Reproduce, character for character, the lines below from the first through the one with "Auf der Rückseite". Leave pictures out.

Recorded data
↓

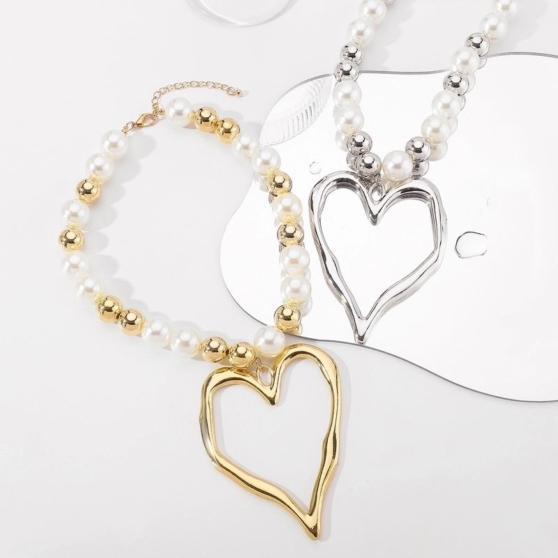 Exaggerated Beach Conch Heart Shape CCB Imitation Pearl Alloy Pendant Necklace 2
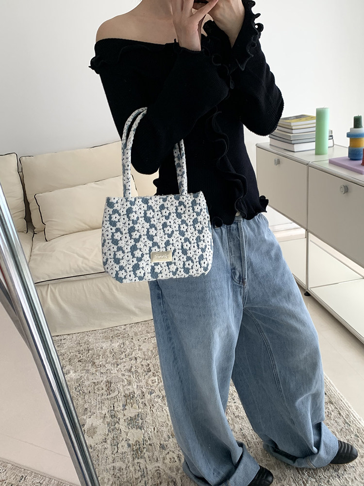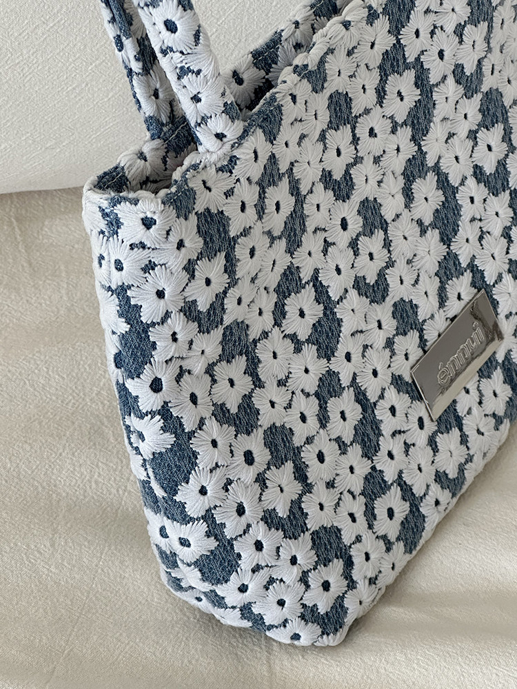 ENNUI Exquisite Three-dimensional Flower Embroidery Tote Shoulder Handbag
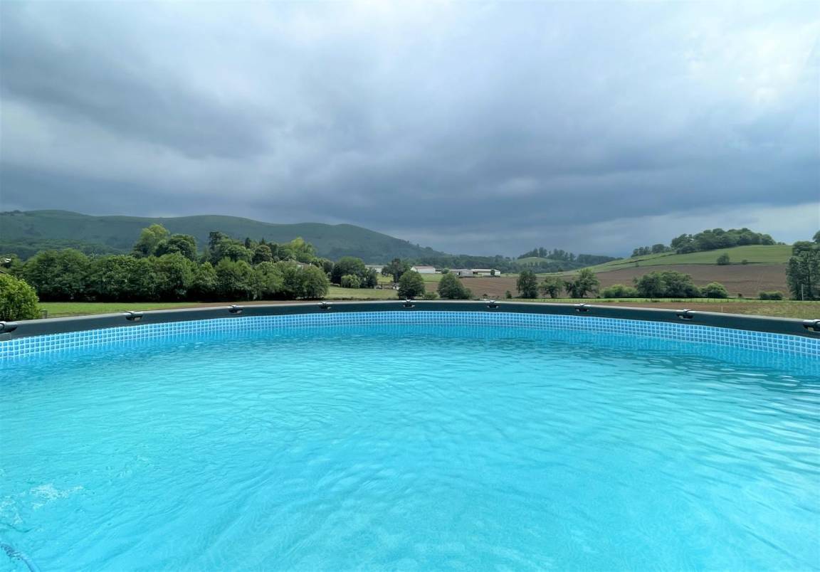 Auf der Rückseite steht Ihnen das ganze Grundstück offen, mit Blick auf die Wiesen und die schöne Aussicht auf die Berge. Privater oberirdischer Swimmingpool bei der Gîte, geöffnet von Juni bis September.
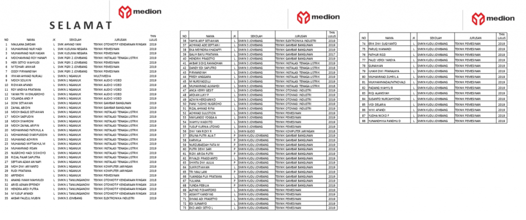 Berdasarkan proses rekrutmen yang telah dilaksanakan di SMK Negeri 3 Jombang tanggal 21 Maret 2019, maka berikut kami sampaikan Daftar nama siswa SMK Negeri 3 Jombang yang lolos tes ke tahap 2.
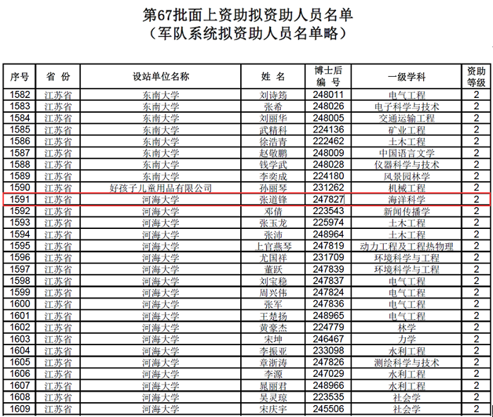 中国博士后科学基金会公示了第67批面上拟资助名单,91短视频 张道锋博士荣获二等资助。据悉,本批次面上一等资助仅用于“向与新冠肺炎疫情防控有关的博士后研究人员开展专项资助”中直接参与新冠肺炎一线救治工作的博士后研究人员。

↑

## PROBLEM SOLUTION
 Exaggerated Beach Conch Heart Shape CCB Imitation Pearl Alloy Pendant Necklace 2
 ENNUI Exquisite Three-dimensional Flower Embroidery Tote Shoulder Handbag
 Auf der Rückseite steht Ihnen das ganze Grundstück offen, mit Blick auf die Wiesen und die schöne Aussicht auf die Berge. Privater oberirdischer Swimmingpool bei der Gîte, geöffnet von Juni bis September.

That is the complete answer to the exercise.